Wednesday, April 22, 2009

Suckle THIS, smartypants!

Since I'd gone in earlier in the day I called the nursery at around midnight last night to check on Ms. S before going to bed. The call went really well until the end, when things degenerated for me. Here's how it went.

NURSE: She wants to suckle.

ME: Oh, I know. We had a great session with the lactation consultant today. She's really getting it.

NURSE: No, she needs to do it more than that!

ME: Well, I try to do it every day. It doesn't always work out.

NURSE: Every day! More times a day! If you don't she won't nurse later on. She won't know how!

ME: (Getting a bit defensive.) She had an eye exam today. She was too exhausted for more than the once.*

NURSE: Well she really needs to learn this. More times a day!

Now I am all agitated by the thought that due to my negligence my daughter will never really learn to nurse, even though that's bullshit of the highest order and we'd made real progress earlier in the day. I was feeling great about it, really encouraged by the experience and glad that the lactation consultant had helped me out so much and now I am trying to hang on to that and not feel like I'm failing her in some way.
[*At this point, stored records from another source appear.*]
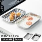 バットセット 浅型バット アミ付き/角バット ステンレス 調理バット 日本製 燕三条 下ごしらえ キッチンバット トレー スクエア 油切り 揚げ物 料理 調理 新生活
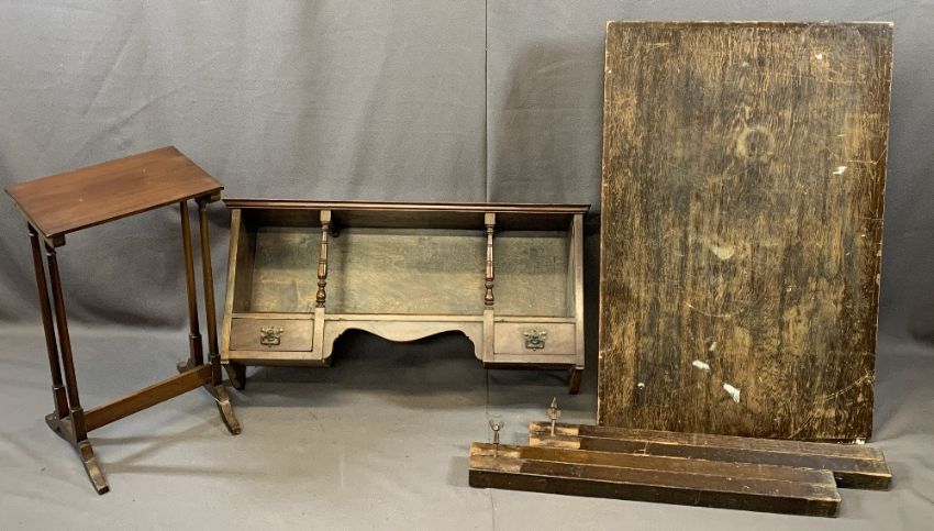 NARROW STANDING GLAZED PANELLED CORNER CABINET, 122cms H, 45cms W, 34cms D, an oak wall mounted bookcase, small side table and an oak table with four screw-in legs, various measurements
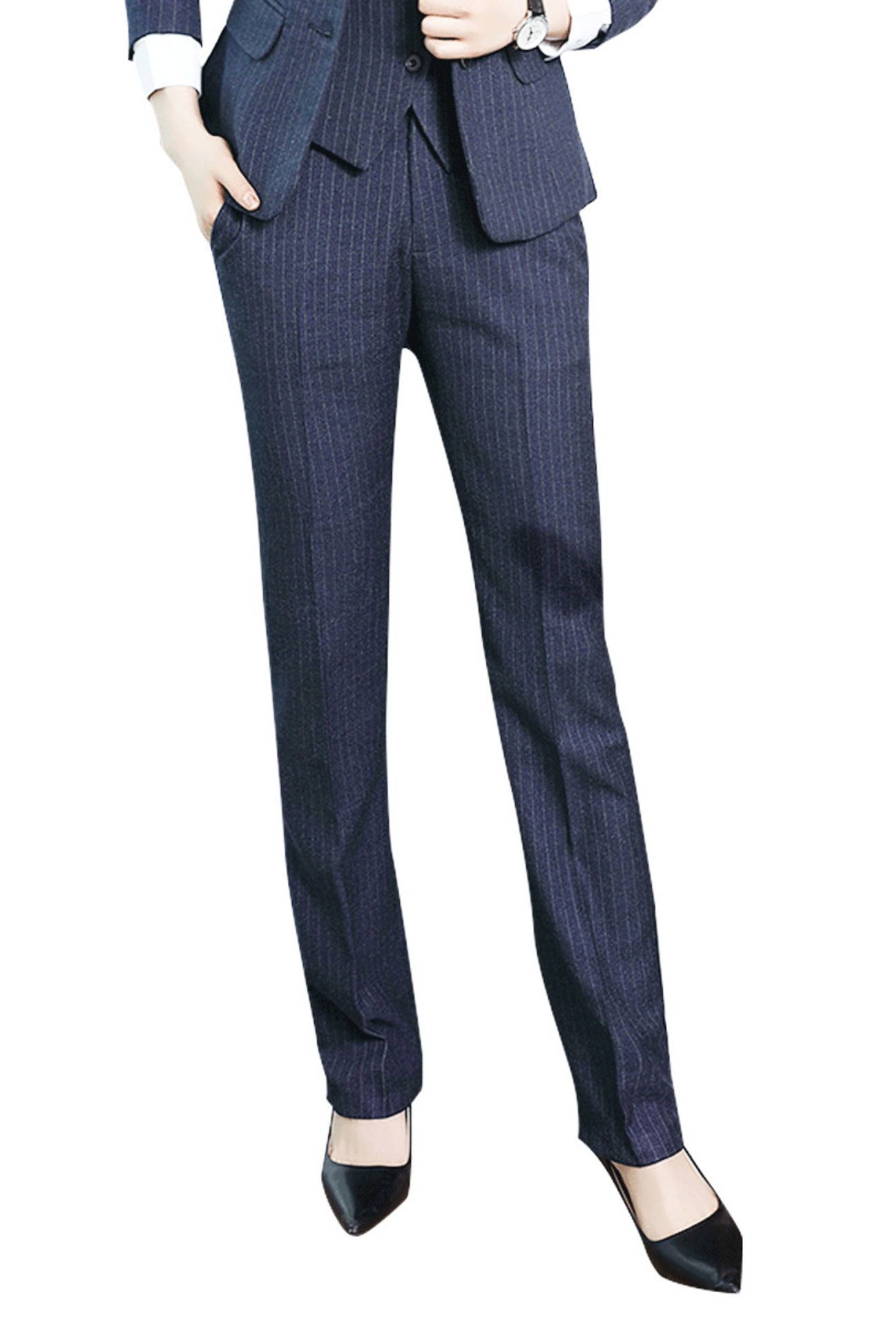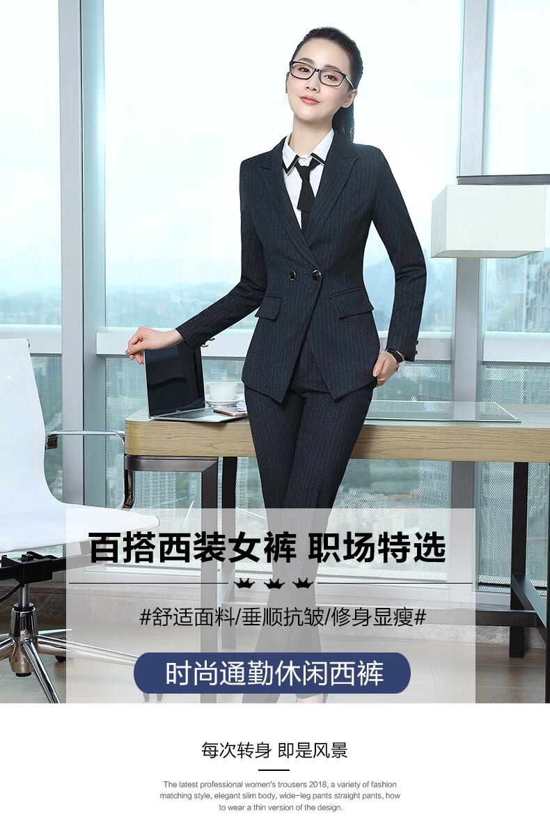 【新作】【送料無料】 プロのスーツパンツ女性の2021年秋新しい青い縞模様の女性のストレートパンツ作業服マルパンツオーバーオール-アリババ ブルー オータム 秋物 ストライプ 12b345143930971
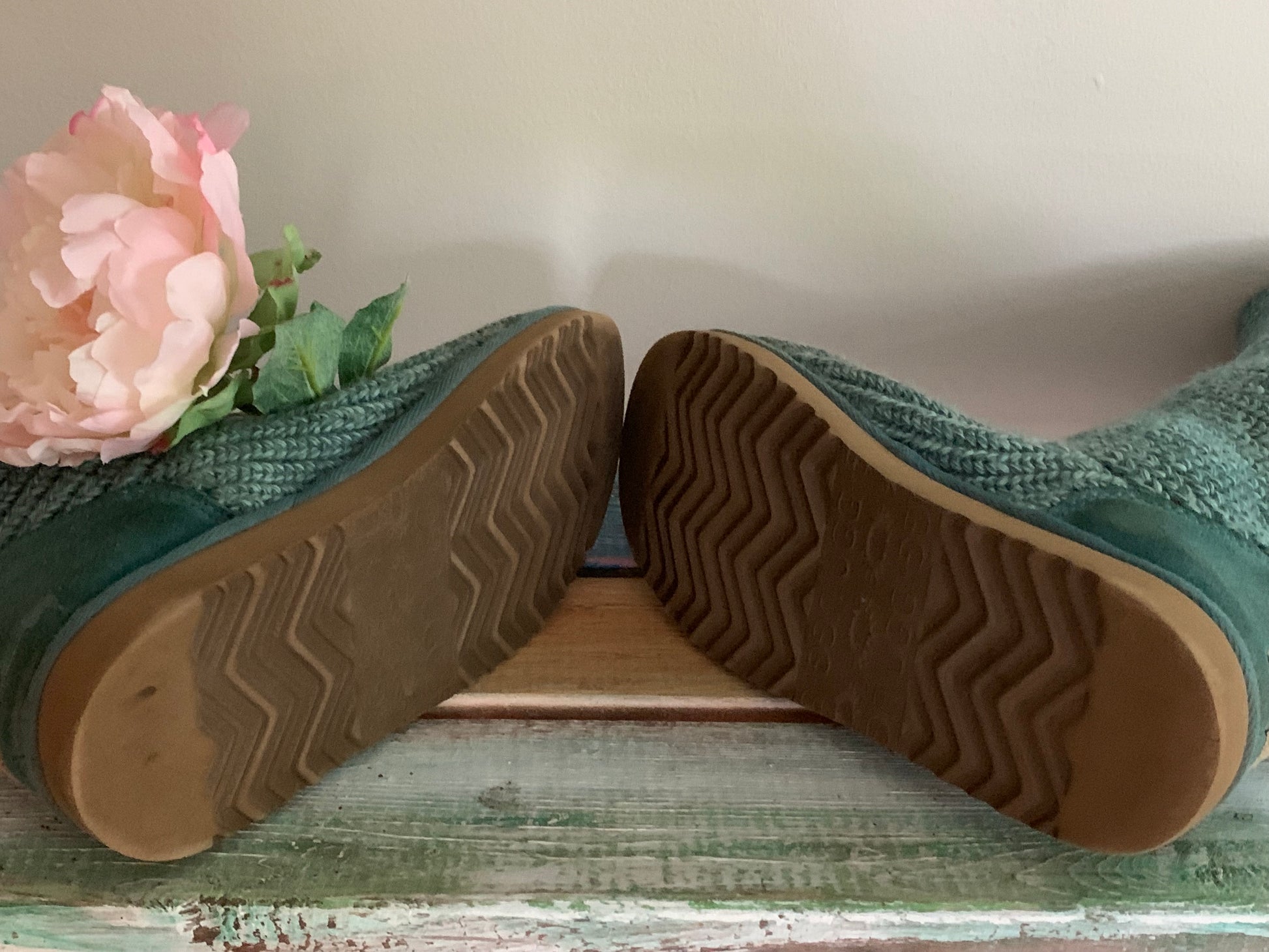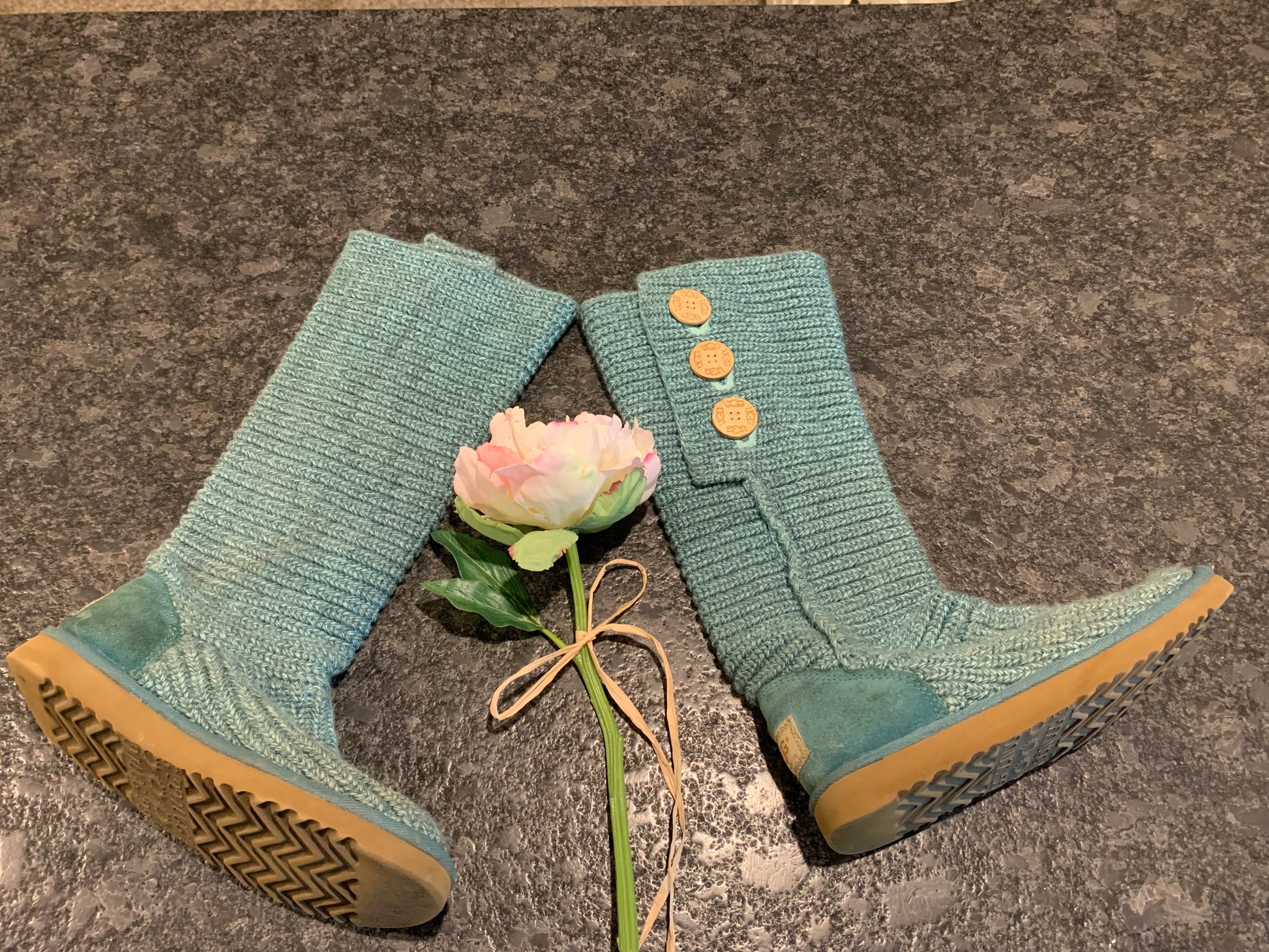 Our Ugg classic cardy blue green boots are on trend and broken in for your comfort. The classic silhouette is recast in a warm, chunky sweater soft knit that's convertible based on how you feel-pull all the way up the calf to display the three large functional wood buttons, slouch it down a bit, or fold the top of the boot over for a shorter style that displays three smaller buttons. Style these fabulous boots with slim pants and a leather bomber for your weekend events.
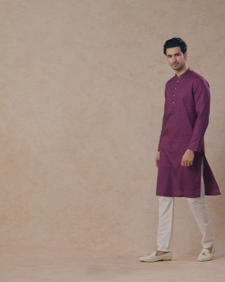 Royal Purple Charm Kurta Pajama Set in Premium Cotton
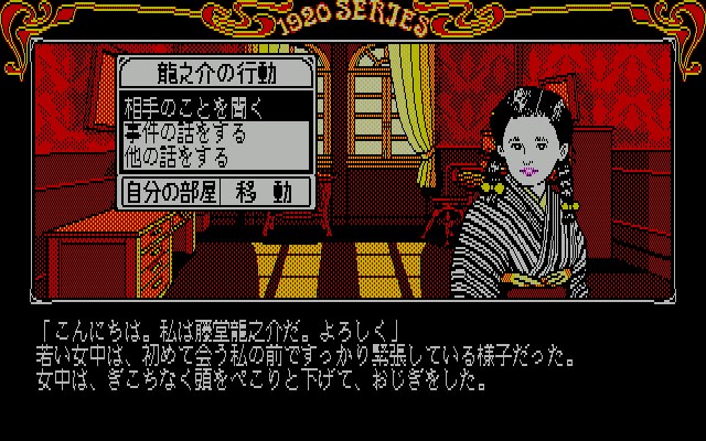 本作は1988年にリリースされたコマンド選択方式のアドベンチャーゲームで「藤堂龍之介探偵日記シリーズ」の第一弾にあたる作品。プレイヤーは探偵の藤堂龍之介となって、「琥珀館」を舞台とした殺人事件に挑むことになります。
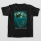 Mosasaurus Alert! This dramatic image is a Mosasaurus silently gliding through the ocean, looking for his next meal. The Mosasurus is a real Dinosaur that was made famous in the Jurassic World movie. He spots his prey and is getting ready to jump out of the ocean to eat some other Dinosaurs on an island, including a T-Rex and a Velociraptor. This shirt is available in various sizes, colours and styles. You choose! This image looks very good on dark shirts! This sample is shown printed on the front of the shirt.
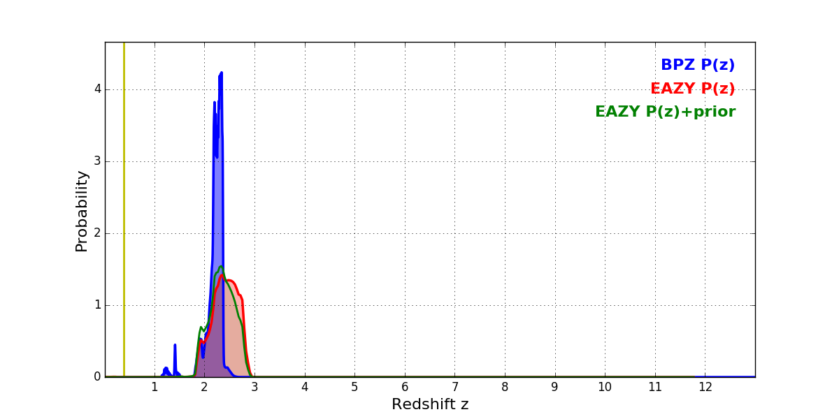 In P(z) plots: Yellow lines mark the cluster redshift z = 0.383,
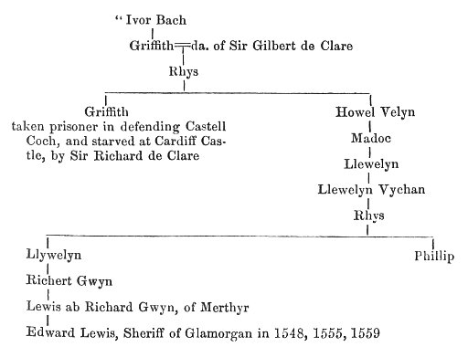 [paragraph continues] Thomas Lewis married Margaret, daughter of Robert Gamage of Coyty, and uncle of the Countess of Leicester, the great Gamage heiress; and as his eldest p. 167 son was born in 1560, the marriage probably took place during the Shrievalty of Sir Edward Lewis in 1559.
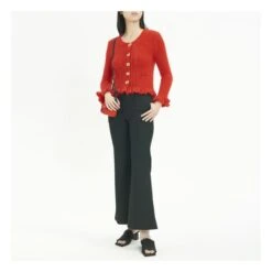 - Ribbed bottom, Round ribbed neckline, Long sleeves, Ribbed cuffs

To me the true point is not that she's breastfeeding, even if I've talked a lot about how much I want to be able to do so with her. The truly important thing is that she's getting my breastmilk and the how of it getting inside her is secondary. If she never takes to nursing and we have to bottle-feed her while I continue to pump then that's how it'll be. Ideally I want her to do both so that Andrew can also feed her and so that we can bottle-feed her when it's less convenient to nurse. I am not stuck on her ONLY breastfeeding and nothing else. I think it would be irrational to feel that way, and potentially crazy-making. I don't want to set myself and Shaughnessy up for disappointment and difficulty. I just want to do what works best and makes us both comfortable

I am doing my reading on all this, believe me, and even if it takes time the majority of babies, preemie or otherwise, figure it out and end up doing fine on only nursing, or a combination of both. I wasn't even planning to breastfeed in the first place and had fully expected to formula-feed her with bottles but the fact of her prematurity threw a wrench into those plans. So, this has been a pretty major adjustment of expectations for me and that's probably why I'm pretty flexible about the idea of bottle vs. breast since either is a vehicle for her to drink my breastmilk. She'll be in my arms, alive, not dead due to undiagnosed preeclampsia. I'd rather wake up every day happy about those things than stress out about whether she'll be a perfect breastfeeder!

* The eye exams that the doctors do to check for ROP are very traumatizing and uncomfortable for the babies, so after they have them they're usually very exhausted and out of it for the rest of the day. They tend to sleep more and be more fussy when awake, so things like lick and sniffs aren't usually all that successful.